Garbage collectors are complicated. If an application or library depends on GC cleaning up a WeakRef or calling a finalizer in a timely, predictable manner, it's likely to be disappointed: the cleanup may happen much later than expected, or not at all. Sources of variability include:

  • One object might be garbage-collected much sooner than another object, even if they become unreachable at the same time, e.g., due to generational collection.
  • Garbage collection work can be split up over time using incremental and concurrent techniques.
  • Various runtime heuristics can be used to balance memory usage, responsiveness.
  • The JavaScript engine may hold references to things which look like they are unreachable (e.g., in closures, or inline caches).
  • Different JavaScript engines may do these things differently, or the same engine may change its algorithms across versions.
  • Complex factors may lead to objects being held alive for unexpected amounts of time, such as use with certain APIs.

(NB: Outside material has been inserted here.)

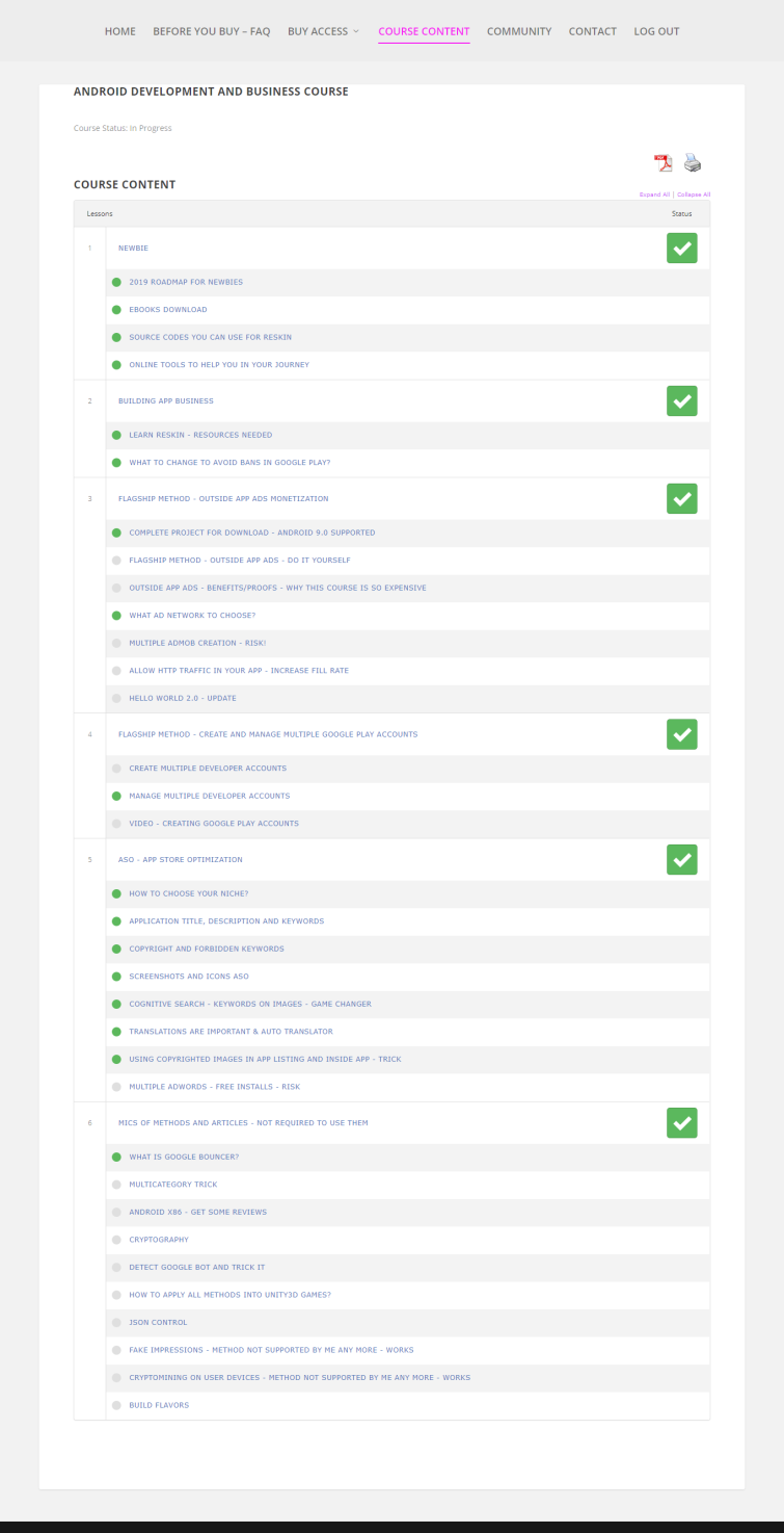 I am Luke, indie Android developer but more a businessman. I am making money from Android development and Android Market (Google Play) for 2011. I earned a lot but also not amazing numbers. Currently my total earnings from Google Play are arround $4mln. Not big but also not small number, especialy I am working alone and not hiring any people. My way is different – publish a lot of apps in Google Play as much I can and defeat Google Play algorithms. I am working against rules and Google Play policy but never breaking any law. Methods presented in this course are legal but sometimes not moral. You can ask me and yourself, why I am sharing my knowledge? Course is expensive, money is money. Google cannot destroy these methods because they would need to invent Android from scratch. There are 180 000 Android Developers in Google Play. I think, few sales will not make me any competition. People are also very lazy, I figured out that maybe 1% of user wants to hard work and learning from my course. They buy it and forget.

Important logic should not be placed in the code path of a finalizer. Doing so could create user-facing issues triggered by memory management bugs, or even differences between JavaScript garbage collector implementations. For example, if data is saved persistently solely from a finalizer, then a bug which accidentally keeps an additional reference around could lead to data loss.

For this reason, the W3C TAG Design Principles recommend against creating APIs that expose garbage collection. It's best if WeakRef objects and FinalizationRegistry objects are used as a way to avoid excess memory usage, or as a backstop against certain bugs, rather than as a normal way to clean up external resources or observe what's allocated.

Weak references

A weak reference to an object is not enough to keep the object alive: when the only remaining references to a referent (i.e. an object which is referred to by a weak reference) are weak references, garbage collection is free to destroy the referent and reuse its memory for something else. However, until the object is actually destroyed, the weak reference may return the object even if there are no strong references to it.

A primary use for weak references is to implement caches or mappings holding large objects, where it’s desired that a large object is not kept alive solely because it appears in a cache or mapping.

For example, if you have a number of large binary image objects (e.g. represented as ArrayBuffers), you may wish to associate a name with each image. Existing data structures just don't do what's needed here:

  • If you used a Map to map names to images, or images to names, the image objects would remain alive just because they appeared as values or keys in the map.
  • WeakMaps are not suitable for this purpose either: they are weak over their keys, but in this case, we need a structure which is weak over its values.

Instead, we can use a Map whose values are WeakRef objects, which point to the ArrayBuffer. This way, we avoid holding these ArrayBuffer objects in memory longer than they would be otherwise: it's a way to find the image object if it's still around, but if it gets garbage collected, we'll regenerate it. This way, less memory is used in some situations.

// This technique is incomplete; see below.
function makeWeakCached(f) {
  const cache = new Map();
  return key => {
    const ref = cache.get(key);
    if (ref) {
      const cached = ref.deref();
      if (cached !== undefined) return cached;
    }

    const fresh = f(key);
    cache.set(key, new WeakRef(fresh));
    return fresh;
  };
}

var getImageCached = makeWeakCached(getImage);

This technique can help avoid spending a lot of memory on ArrayBuffers that nobody is looking at anymore, but it still has the problem that, over time, the Map will fill up with strings which point to a WeakRef whose referent has already been collected. One way to address this is to periodically scavenge the cache and clear out dead entries. Another way is with finalizers, which we’ll come back to at the end of the article.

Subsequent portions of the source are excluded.